(Dataset items)
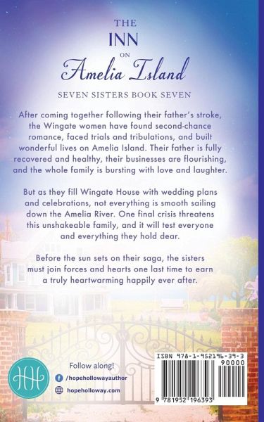 The uplifting and unforgettable conclusion to the Seven Sisters series! After coming together following their father's stroke, the Wingate women have found second-chance romance, faced trials and tribulations, and built wonderful lives on Amelia Island. Their father is fully recovered and healthy, their businesses are flourishing, and the whole family is bursting with love and laughter. But as they fill Wingate House with wedding plans and celebrations, not everything is smooth sailing down the Amelia River. One final crisis threatens this unshakeable family, and it will test everyone and everything they hold dear. Before the sun sets on their saga, the sisters must join forces and hearts one last time to earn a truly heartwarming happily ever after. The Seven Sisters Series - all available in digital, paperback, and audio formats. The Beach House on Amelia Island (book 1) The Café on Amelia Island (book 2) The Bookstore on Amelia Island (book 3) The Florist on Amelia Island (book 4) The Chocolate Shop on Amelia Island (book 5) The Dressmaker on Amelia Island (book 6) The Inn on Amelia Island (book 7)
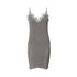 The negligee with spaghetti straps for women impresses with a wavy V-neck which is trimmed with eyelash lace. At the centre of the neckline the lace details meet and cross each other. The armhole openings are also decorated with lace. The back neckline, the back of the armhole openings and the delicate straps are bordered with a shimmering satin band. Small, golden adjusters at the back allow the length of the straps to be changed to fit your needs. For a flattering fit at the hips, an additional large triangle of wide fine rib fabric was inserted at each side. This gives the negligee a slightly flared hem. It is slightly ruffled as a result of a special sewing technique.
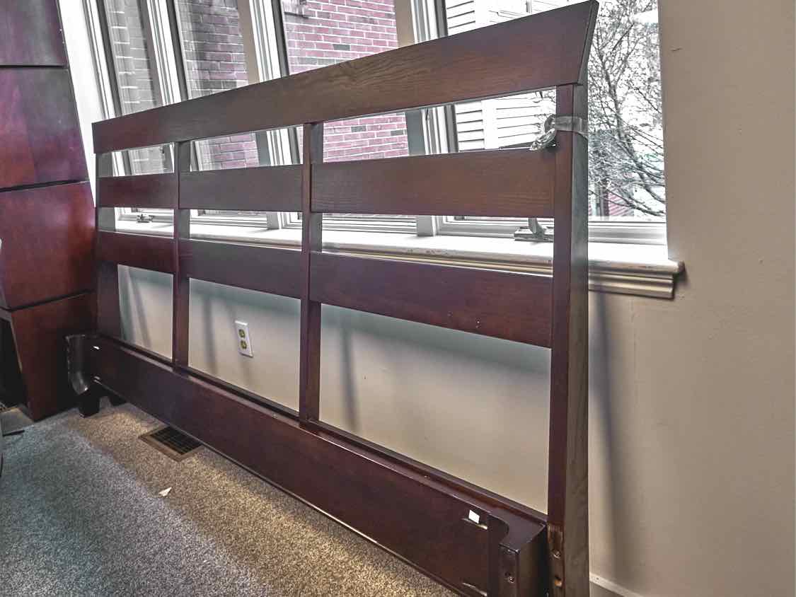 King bed with horizontal slat headboard and low-profile footboard in espresso finish oak, with rails & center supports
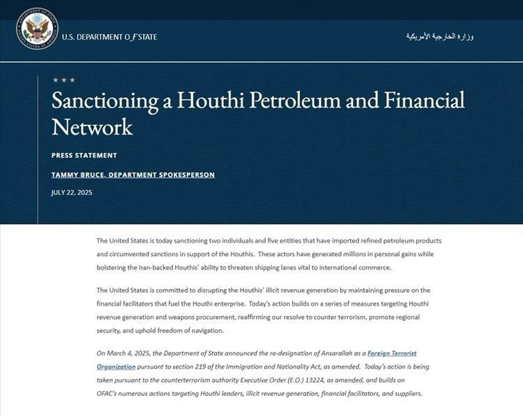 وأكدت الخارجية الأميركية أن هذا الإجراء يأتي ضمن استراتيجية مستمرة لعرقلة مصادر الإيرادات غير المشروعة للحوثيين، وتضييق الخناق على مزوديهم الماليين وشبكات الدعم، في إطار جهود واشنطن لمكافحة الإرهاب وتعزيز الأمن الإقليمي وضمان حرية الملاحة.
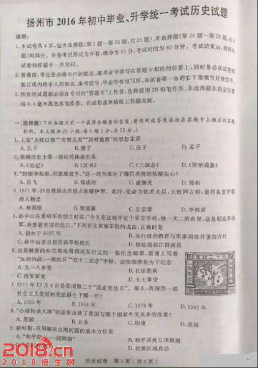 2016年扬州市中考历史试卷及答案下载 2016扬州中考历史试卷word 扬州中考历史试题答案清晰图片版
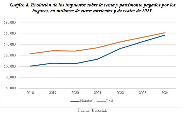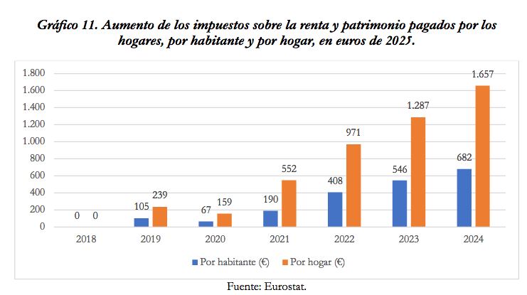Los impuestos directos pagados por las familias crecen +56,3% nominal y +31,1% real desde 2018. Cada hogar paga hoy 1.657 € más al año (euros constantes). El esfuerzo fiscal directo sube del 13,6% al 15,9% de la renta bruta disponible.
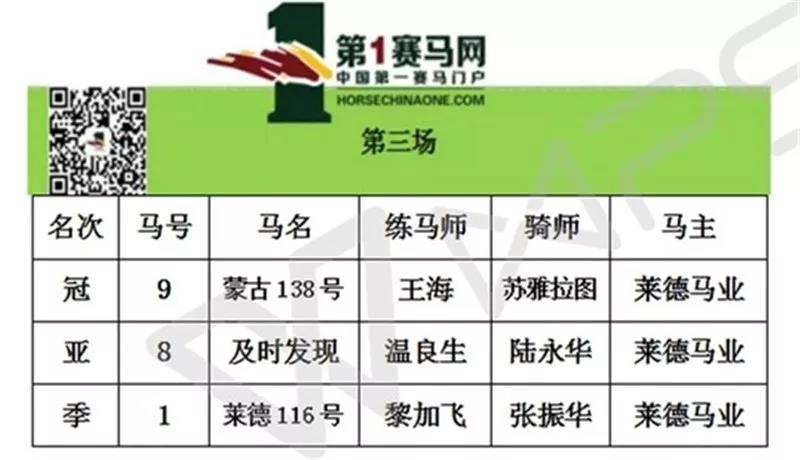 第三场赛事,五班平磅赛,途程1000米,因为都是国产的质新马且都为初次出赛,没有以往赛绩为了参考,要从一众赛驹中选择出心水马还是颇有难度。本场8号马“及时发现”在亮相圈时便给人耳目一新,让人充满期待。开闸之后,9号马“蒙古138号”从最外档挑准时机,向内切入,占据优势位置,与8号马“及时发现”在前半程互不相让。一直到距离终点还有两百米时,;两匹赛驹之间的才拉开距离,最终“蒙古138号”率先冲线,“及时发现”憾得第二。

What the task requires: Each line between the one holding "وأكدت الخارجية الأميركية" and the one holding "2016年扬州市中考历史试卷及答案下载 2016扬州中考历史试卷word 扬州中考历史试题答案清晰图片版", inclusive, should be copied exactly as it appears above, and pictures should be omitted.

Exercise output:
 وأكدت الخارجية الأميركية أن هذا الإجراء يأتي ضمن استراتيجية مستمرة لعرقلة مصادر الإيرادات غير المشروعة للحوثيين، وتضييق الخناق على مزوديهم الماليين وشبكات الدعم، في إطار جهود واشنطن لمكافحة الإرهاب وتعزيز الأمن الإقليمي وضمان حرية الملاحة.
 2016年扬州市中考历史试卷及答案下载 2016扬州中考历史试卷word 扬州中考历史试题答案清晰图片版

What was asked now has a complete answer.